Il libro di Buscaroli è prezioso in quanto salda l’esperienza di una generazione e di quella immediatamente successiva, a venti anni di distanza l’una dall’altra. Un libro su cui riflettere e sul quale torneremo.
Il tema che tratta Buscaroli è lo stesso che ha incominciato a dissodare Giampaolo Pansa, ma – direi – con una differenza importante e sostanziale, senza voler qui parlare male di Pansa, i cui libri ho già letto e vado leggendo. Pansa mi sembra uno scrittore che abbia scoperto un filone di successo, su cui poter scrivere libri, trattando temi nuovi e perciò tali da poter essere venduti. Diverse stanno le cose per Piero Buscaroli che invece ha vissuto e sofferto quegli anni come un protagonista, anzi no, meglio dire come una vittima, sia per le vicende personali che hanno colpito il padre, sia per quella che sarò poi la sua storia come intellettuale fino ai nostri giorni, dove forse appena può permettersi di pubblicare le sue “Memorie”.
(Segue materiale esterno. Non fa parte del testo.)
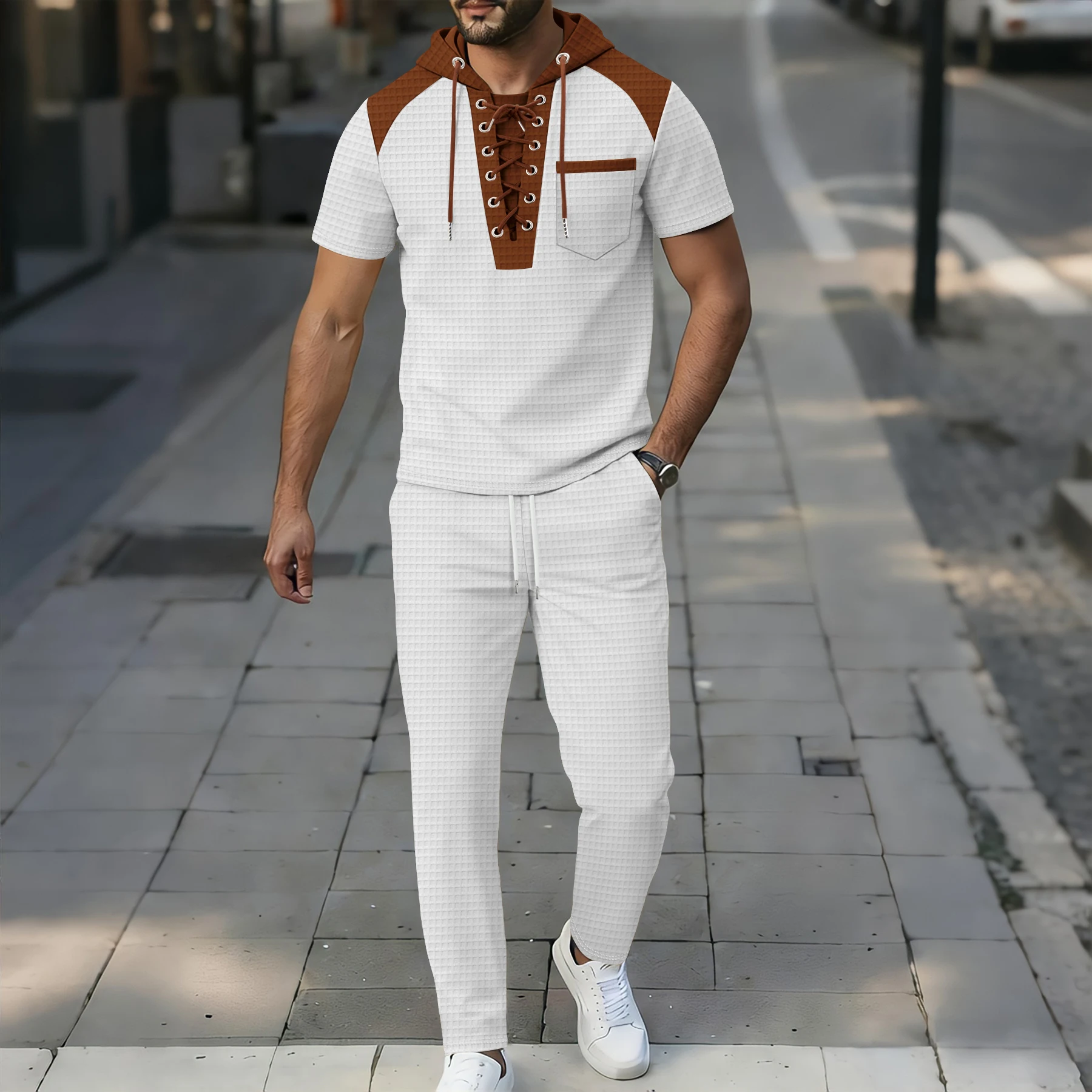 Men's 2 Piece Textured Outfits, Beige Hooded Shirt & Drawstring Pants Set

Tanti i fatti narrati, o meglio ancora le prospettive con cui noi possiamo leggere e vedere eventi che ci sono stati narrati in altro modo, e che per una sorta di legislazione antirevisionista non possiamo ancora neppure permetterci di interpretare in altro modo, se non vogliamo incorrere in qualche avventura giudiziaria. Accenno soltanto agli eventi di via Rasella, quando ancora non esistevano i “martiri” kamikaze e nessuno aspirava ad un simile ruolo. Il calcolo della prevista e prevedibile rappresaglia, senza nessun utilità politico-strategica, trova nelle pagine di Buscaroli una trattazione che commuove fin nel profondo e lascia l’amaro in bocca. A chi dirlo? È un mondo che ha perso quella “pietas” che era degli antichi e che ci è nota per la frequentazione di quelle pagine dei “classici” sui quali parte di noi si sono formati. La ferocia, l’inganno, la mistificazione è il pane con il quale hanno nutrito per lo meno le genrazioni dal 1950 in poi, che non hanno visto la guerra, ma ne hanno portato tutto il peso dell’eredità. Un Buscaroli, nato nel 1930, pur aver vissuto in anni più tragici e certo non invidiabili, era per lo meno fuori della caverna e poteva vedere ciò che all’aperto succedeva. Ma quelli che sono nati dopo, dal 1950 in poi, si son trovati nella faticosa posizione di chi ha dovuto decifrare il mondo dalle ombre che si agitavano sulle pareti della caverna.
Il libro di Buscaroli è prezioso in quanto salda l’esperienza di una generazione e di quella immediatamente successiva, a venti anni di distanza l’una dall’altra. Un libro su cui riflettere e sul quale torneremo.